The second process is that of interpreting the law. When making the interpretation the judge must ensure that, the interpretation is based on the facts as well as the data gathered in pre interpretative stage. After examining the data, the judge must have justification of the decision shown in the best light (Dworkin 32).
Shapiro and West however criticize this view for a number of reasons. The first is the irrelevance of the consistency of the principles used by the judges when adjudicating cases. Shapiro argues that following the precedents, which were decided long ago under different times makes the circumstances different, and advocates that the adjudication should be as per the present circumstances.
Shapiro argues that the law is not integral on its own but it acts as a guiding principle that may change as per the discretion of the judge. This expression by Shapiro does not require judges to base their justifications on the entire law but on the best frit of their convictions (Shapiro and West 43).
The other criticism is on the Dworkin’s stand especially the issue of inclusion of the moral principles as part of the analysis. However, at this point Shapiro and West take different positions. Shapiro advocates that natural justice need basis on the moral principles. This principle concurs with the Dworkin’s argument on the need to have moral laws of natural justice as part of entire laws.
Shapiro is an advocate of ethics where ethics are the means through which the society adopts moral principles. The moral principles outline what is ethical and what is unethical.
However, the argument of West is that laws are social thesis of the society, which is from the norms advocated for in the society rather than from the specific moral laws. This leaves it open for the members to decide which moral laws to choose as part of their laws compared with the inclusion of the moral law in the entirety of the law.
The other aspect of their criticism is on the roles and trust management where West and Shapiro criticize Dworkin for the leaning on legalistic side on the roles and trust management in legal terms (Shapiro and West 17). Dworkin argues that trust comes out of strict adherence to the ordinances set by the members of the society and that it is lost through failure to adhere to the rules (Dworkin 78).
This is especially when there are individuals in the society who go unpunished after breaking the rules. West argues that trust comes from the agreement to change the laws when instances arise for flexibility to allow discourse to change.

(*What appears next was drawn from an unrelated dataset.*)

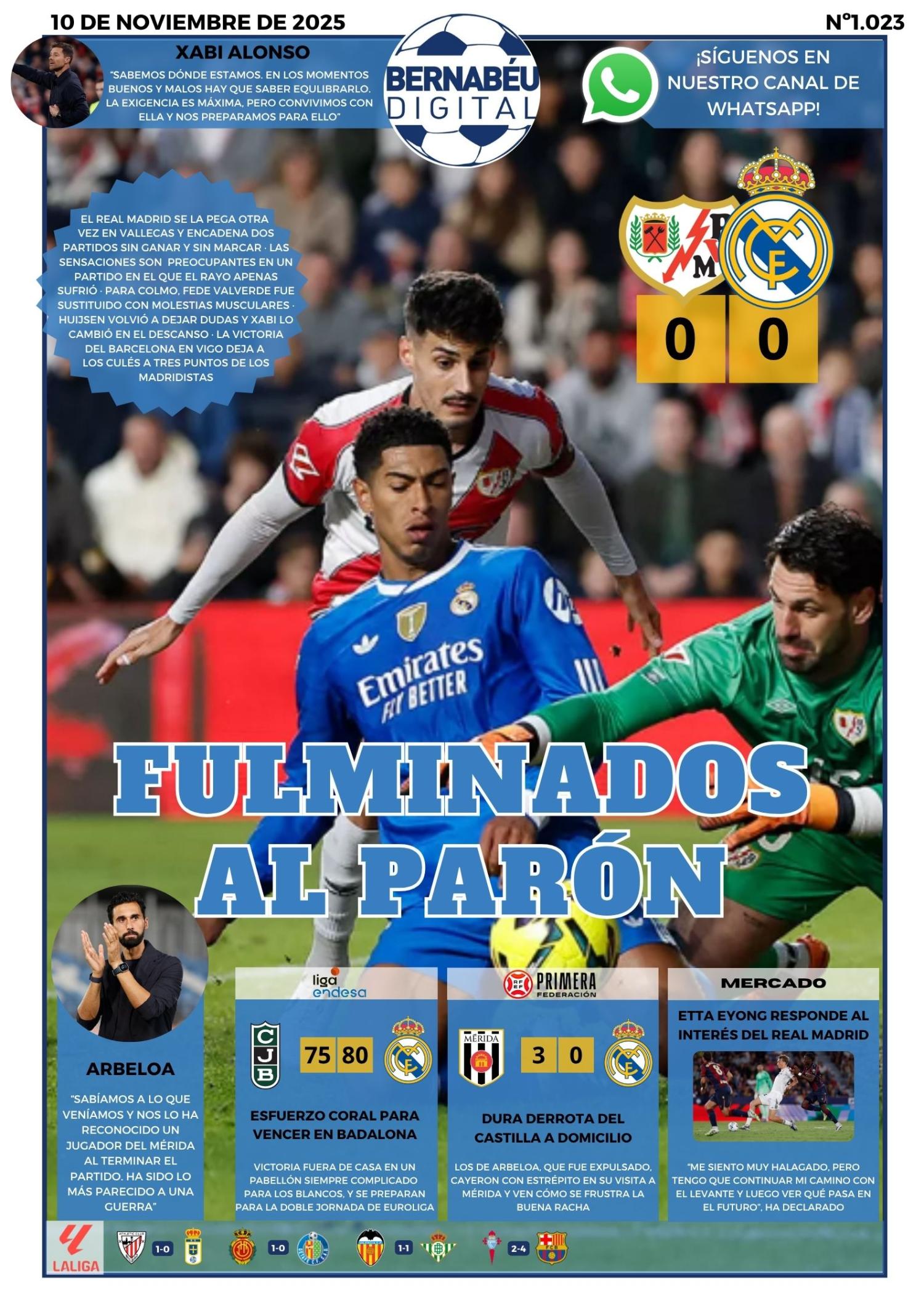 En nuestra portada del lunes 10 de noviembre de 2025, en Bernabéu Digital hemos decidido abrir con el Rayo Vallecano 0-0 Real Madrid.

Shapiro refers to ethics by the members of the society as the best means of having trust (Dworkin 87).
The awareness concerning jurisprudence and various schools of thoughts, which shape the discourse on the Rhetoric of law philosophy, are imperative for both the layperson as well as legal practitioners. The awareness of the two schools of thought assists law practitioners to decide the opinions and the thoughts which to advocate for in the rhetoric.

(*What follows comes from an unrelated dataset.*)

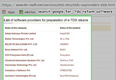 Download electronic return software. Electronic TDS returns must be submitted in a particular data format. The software to produce these returns is available for download online at no charge. You can also use approved commercial software, or hire an accountant to file your returns for you. To download return software and submit your returns yourself, visit the website of the Income Tax Department at www.incometaxindia.gov.in. Software is also available from the NSDL e-Governance Infrastructure Limited website at www.tin-nsdl.com.

Shapiro’s criticism on the work of Dworkin provides an opportunity to analyze the discourse on positivity and that of law as integrity. Law as integrity has usually gained support of all quarters although currently positivity has gained popularity due to its leniency on some issues of morality, as it does not bend towards conservatism but towards liberalism.
This discourse is imperative in informing legal practitioners on the various points of view existing in this field and enables them to make an informed decision on the side that they will incline to in their legal practice. It also informs the legislators of the importance of having a legislative process that is representative and full of integrity.
Dworkin, Ronald. Law’s Empire. Massachusetts: Harvard University Press, 1986. Print.
Shapiro, Scott and West, Robin. The Difference that Rules Make in Analyzing Law. Oxford: Oxford University Press, 1998. Print.